▶ **Action item**:
I would like the entries transcribed word for word, please, with the pictures removed.

▶ **Material provided**:
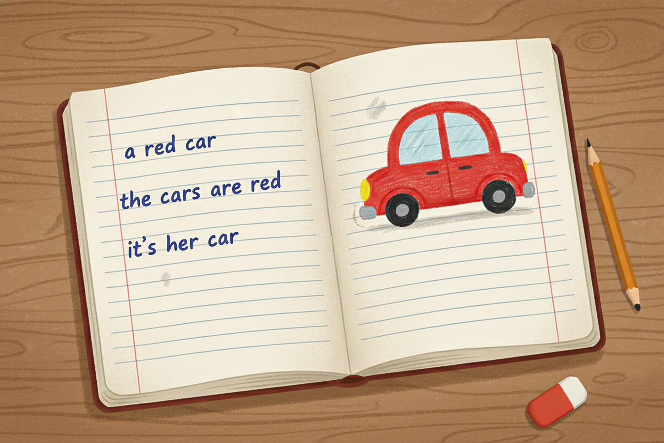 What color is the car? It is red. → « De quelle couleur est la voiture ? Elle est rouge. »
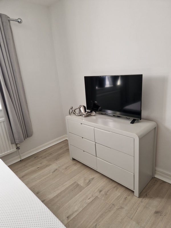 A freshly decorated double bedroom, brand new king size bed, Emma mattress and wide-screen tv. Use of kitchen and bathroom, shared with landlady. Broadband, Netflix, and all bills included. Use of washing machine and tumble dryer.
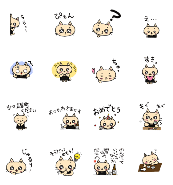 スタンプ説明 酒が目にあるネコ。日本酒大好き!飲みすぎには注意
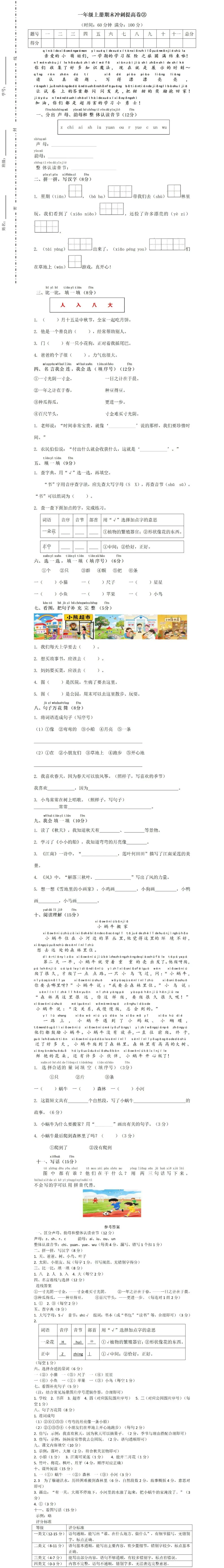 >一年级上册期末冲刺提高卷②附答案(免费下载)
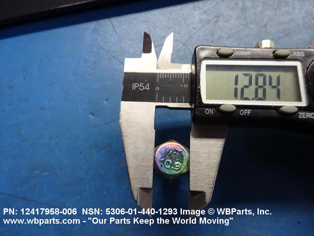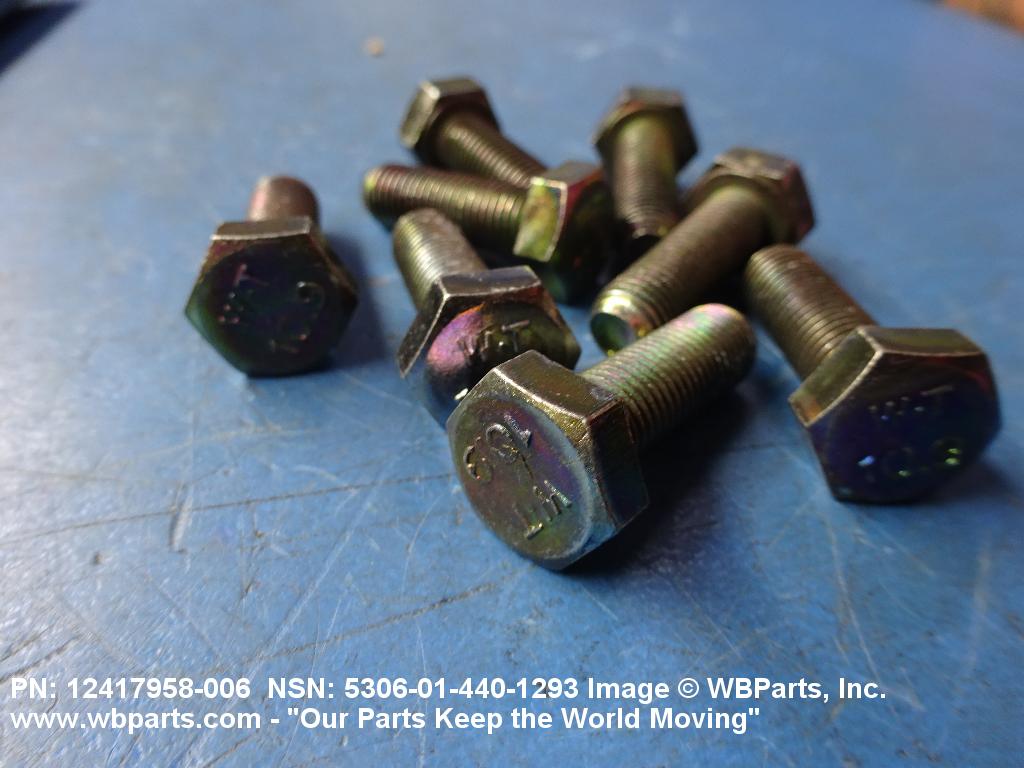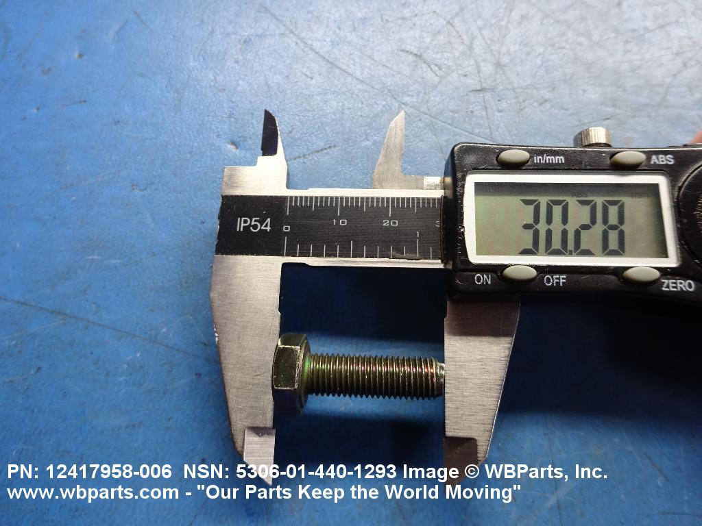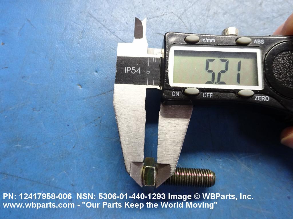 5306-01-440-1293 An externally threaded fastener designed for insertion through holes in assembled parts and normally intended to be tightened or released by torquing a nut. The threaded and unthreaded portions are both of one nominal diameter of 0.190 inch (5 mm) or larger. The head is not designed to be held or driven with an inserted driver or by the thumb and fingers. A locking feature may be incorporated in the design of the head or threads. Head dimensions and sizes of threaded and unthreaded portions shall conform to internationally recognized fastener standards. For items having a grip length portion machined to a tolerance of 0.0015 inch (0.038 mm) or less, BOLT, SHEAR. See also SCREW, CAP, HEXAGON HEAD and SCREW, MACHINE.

▶ **Task output**:
 What color is the car? It is red. → « De quelle couleur est la voiture ? Elle est rouge. »
 A freshly decorated double bedroom, brand new king size bed, Emma mattress and wide-screen tv. Use of kitchen and bathroom, shared with landlady. Broadband, Netflix, and all bills included. Use of washing machine and tumble dryer.
 スタンプ説明 酒が目にあるネコ。日本酒大好き!飲みすぎには注意
 >一年级上册期末冲刺提高卷②附答案(免费下载)
 5306-01-440-1293 An externally threaded fastener designed for insertion through holes in assembled parts and normally intended to be tightened or released by torquing a nut. The threaded and unthreaded portions are both of one nominal diameter of 0.190 inch (5 mm) or larger. The head is not designed to be held or driven with an inserted driver or by the thumb and fingers. A locking feature may be incorporated in the design of the head or threads. Head dimensions and sizes of threaded and unthreaded portions shall conform to internationally recognized fastener standards. For items having a grip length portion machined to a tolerance of 0.0015 inch (0.038 mm) or less, BOLT, SHEAR. See also SCREW, CAP, HEXAGON HEAD and SCREW, MACHINE.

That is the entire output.